La réponse d'Avi a été immédiate. Reef « a vécu pleinement sa vie », dit-il. « Malgré cette perte horrible, nous avons choisi de vivre.»
« Reef aimait les enfants et voulait en avoir, cela ne fait aucun doute », ajoute-t-il.
Reef n'avait ni femme ni petite amie. Mais lorsqu'Avi a commencé à partager l'histoire de son fils, plusieurs femmes l'ont contacté, proposant de porter l'enfant de Reef.
Selon lui, cette idée « nous donne une raison de nous accrocher ». « C'est maintenant la mission de ma vie », dit-il.
Cette famille fait partie de celles, de plus en plus nombreuses, qui ont gelé du sperme depuis les attaques du Hamas contre Israël, le 7 octobre, qui ont fait environ 1 200 morts et 251 otages à Gaza.
En réponse, Israël a lancé une vaste opération militaire à Gaza, au cours de laquelle plus de 40 000 Palestiniens ont été tués, selon le ministère de la santé dirigé par le Hamas. Environ 400 Israéliens ont également été tués au cours de la guerre.

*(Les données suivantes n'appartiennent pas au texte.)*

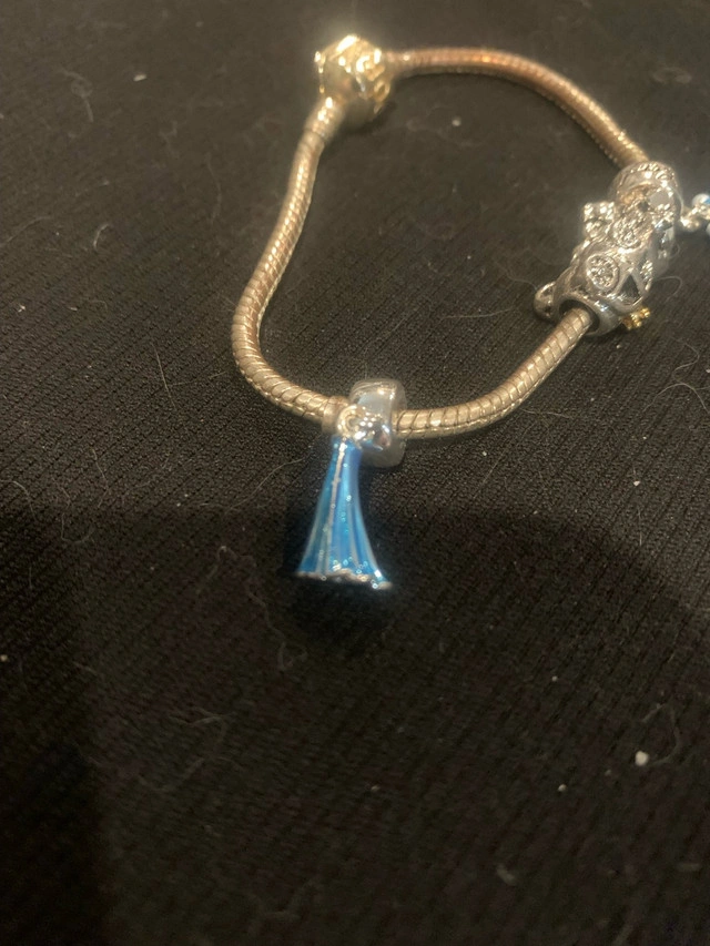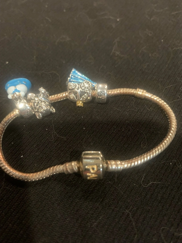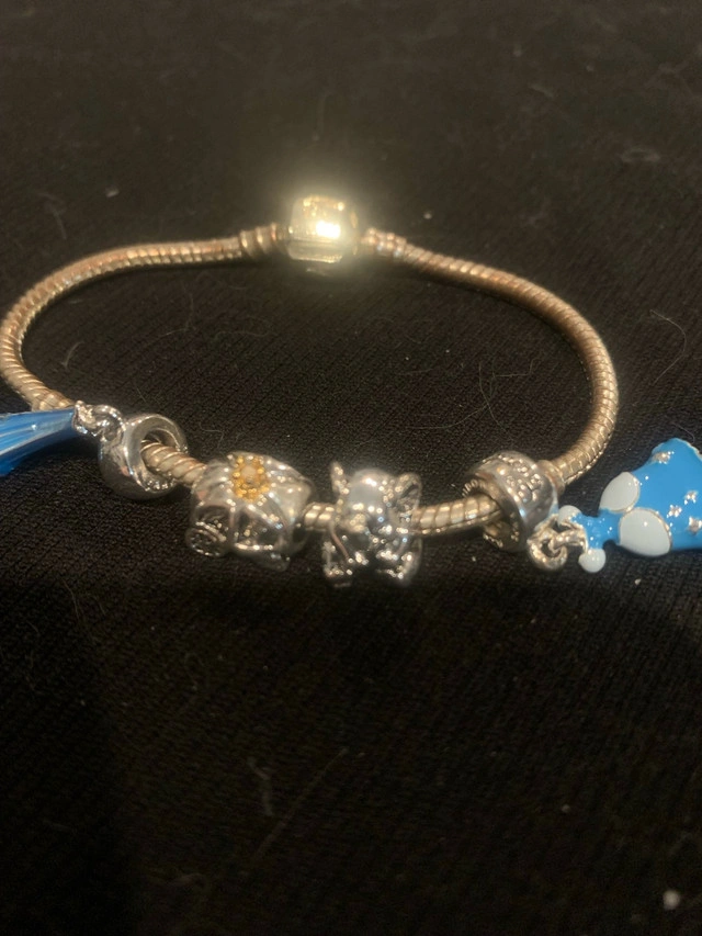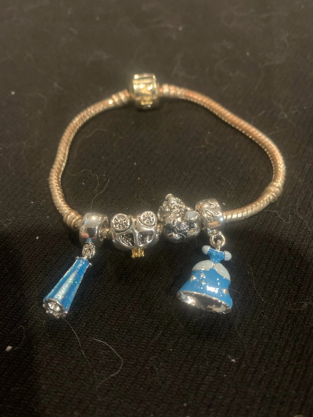 This is a used Pandora bracelet, which has been gently worn. This adorable bracelet features a collection of charms, each with its own unique design. A perfect collectable for any fan of Disney. It's looking for a new home where it can bring joy and sparkle to someone's life. If the ad is still up, it means the bracelet is still available, so feel free to reach out!

Depuis le 7 octobre, du sperme a été prélevé sur près de 170 jeunes hommes - civils et soldats - selon le ministère israélien de la santé. Ce chiffre est environ 15 fois supérieur à celui de la même période des années précédentes.
Le processus consiste à pratiquer une incision dans le testicule et à prélever un petit morceau de tissu, à partir duquel des spermatozoïdes vivants peuvent être isolés en laboratoire et congelés.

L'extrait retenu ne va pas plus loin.